* _EXERCISE MATERIALS_
=====
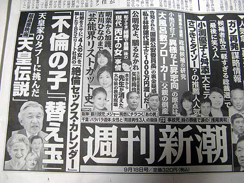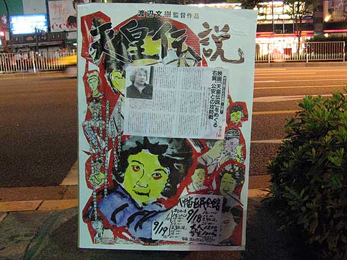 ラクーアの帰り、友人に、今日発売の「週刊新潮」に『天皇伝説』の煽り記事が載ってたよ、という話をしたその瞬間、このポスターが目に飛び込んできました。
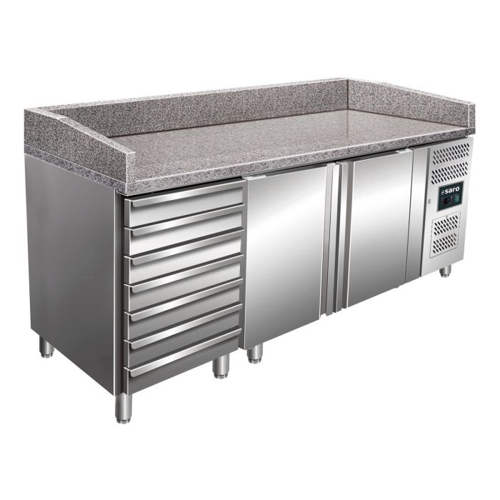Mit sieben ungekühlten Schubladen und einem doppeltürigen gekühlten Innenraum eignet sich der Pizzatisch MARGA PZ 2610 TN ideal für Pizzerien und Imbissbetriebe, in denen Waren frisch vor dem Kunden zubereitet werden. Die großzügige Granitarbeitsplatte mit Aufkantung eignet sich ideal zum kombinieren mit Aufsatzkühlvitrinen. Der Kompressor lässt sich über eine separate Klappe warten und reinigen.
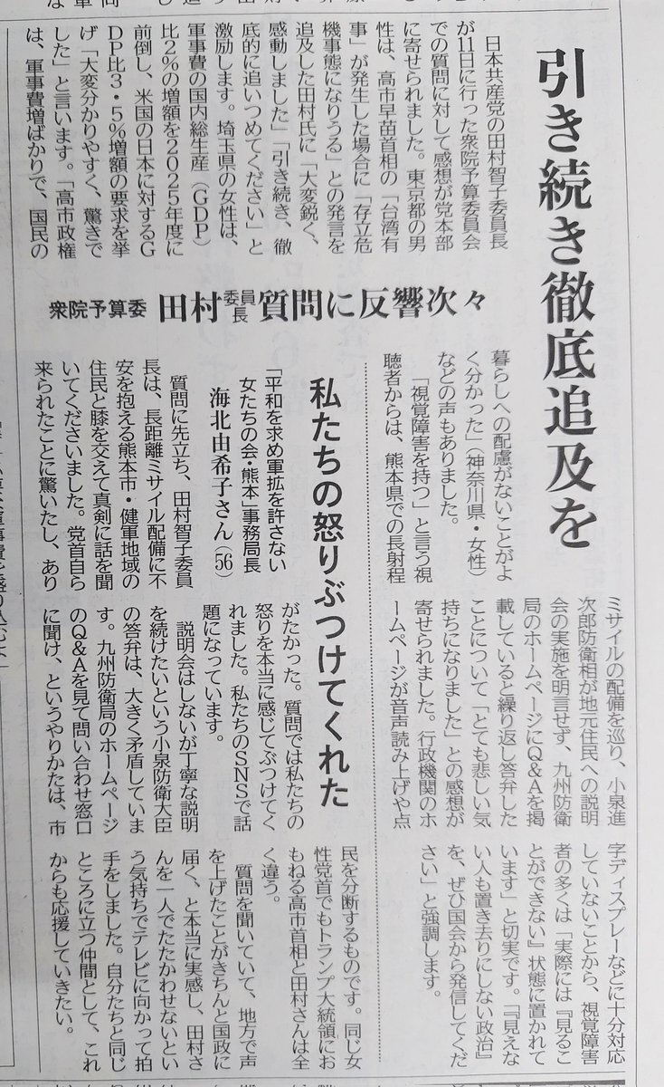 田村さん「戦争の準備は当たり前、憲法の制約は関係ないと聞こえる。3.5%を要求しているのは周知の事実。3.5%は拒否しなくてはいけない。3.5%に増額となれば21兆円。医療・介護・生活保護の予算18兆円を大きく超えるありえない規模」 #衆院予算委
=====
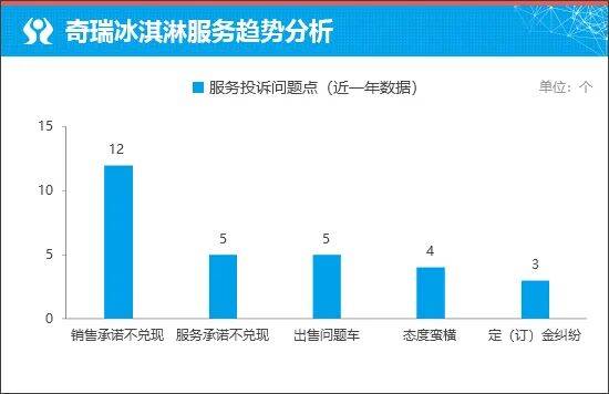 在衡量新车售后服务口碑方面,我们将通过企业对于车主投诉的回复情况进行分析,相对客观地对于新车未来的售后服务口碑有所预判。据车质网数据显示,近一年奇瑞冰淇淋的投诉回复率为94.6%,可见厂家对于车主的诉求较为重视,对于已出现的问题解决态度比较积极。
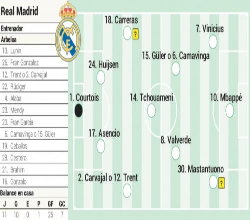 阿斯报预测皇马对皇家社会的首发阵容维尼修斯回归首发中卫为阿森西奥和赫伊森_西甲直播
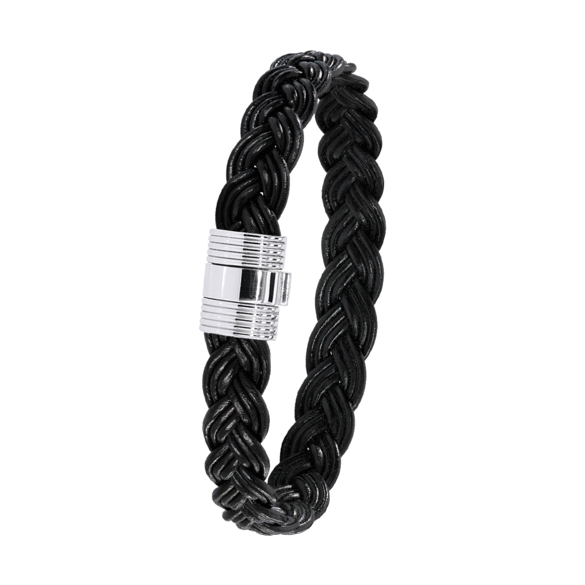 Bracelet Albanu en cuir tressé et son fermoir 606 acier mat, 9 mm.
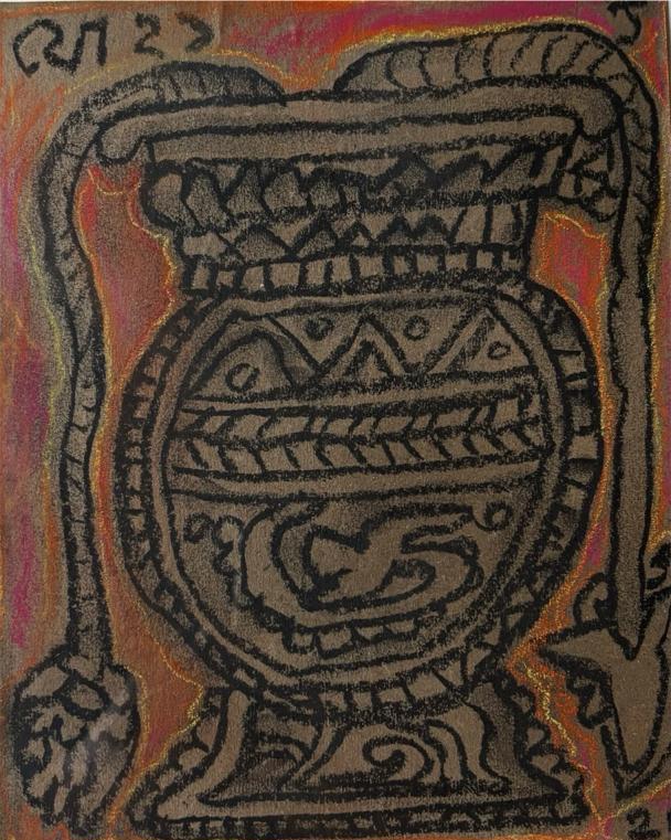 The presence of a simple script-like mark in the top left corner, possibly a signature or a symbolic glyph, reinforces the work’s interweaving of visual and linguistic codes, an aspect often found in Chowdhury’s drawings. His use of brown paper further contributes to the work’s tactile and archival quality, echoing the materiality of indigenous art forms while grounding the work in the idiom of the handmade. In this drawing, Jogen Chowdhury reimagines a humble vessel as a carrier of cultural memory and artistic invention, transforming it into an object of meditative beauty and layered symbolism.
=====
* _TASK ITEM_
Above are entries with pictures among them. Write out exactly the lines from the one containing "ラクーアの帰り、友人に、今日" through the one containing "田村さん「戦争の準備は当たり", ends included, and leave those pictures out.

* _SOLUTION_
 ラクーアの帰り、友人に、今日発売の「週刊新潮」に『天皇伝説』の煽り記事が載ってたよ、という話をしたその瞬間、このポスターが目に飛び込んできました。
Mit sieben ungekühlten Schubladen und einem doppeltürigen gekühlten Innenraum eignet sich der Pizzatisch MARGA PZ 2610 TN ideal für Pizzerien und Imbissbetriebe, in denen Waren frisch vor dem Kunden zubereitet werden. Die großzügige Granitarbeitsplatte mit Aufkantung eignet sich ideal zum kombinieren mit Aufsatzkühlvitrinen. Der Kompressor lässt sich über eine separate Klappe warten und reinigen.
 田村さん「戦争の準備は当たり前、憲法の制約は関係ないと聞こえる。3.5%を要求しているのは周知の事実。3.5%は拒否しなくてはいけない。3.5%に増額となれば21兆円。医療・介護・生活保護の予算18兆円を大きく超えるありえない規模」 #衆院予算委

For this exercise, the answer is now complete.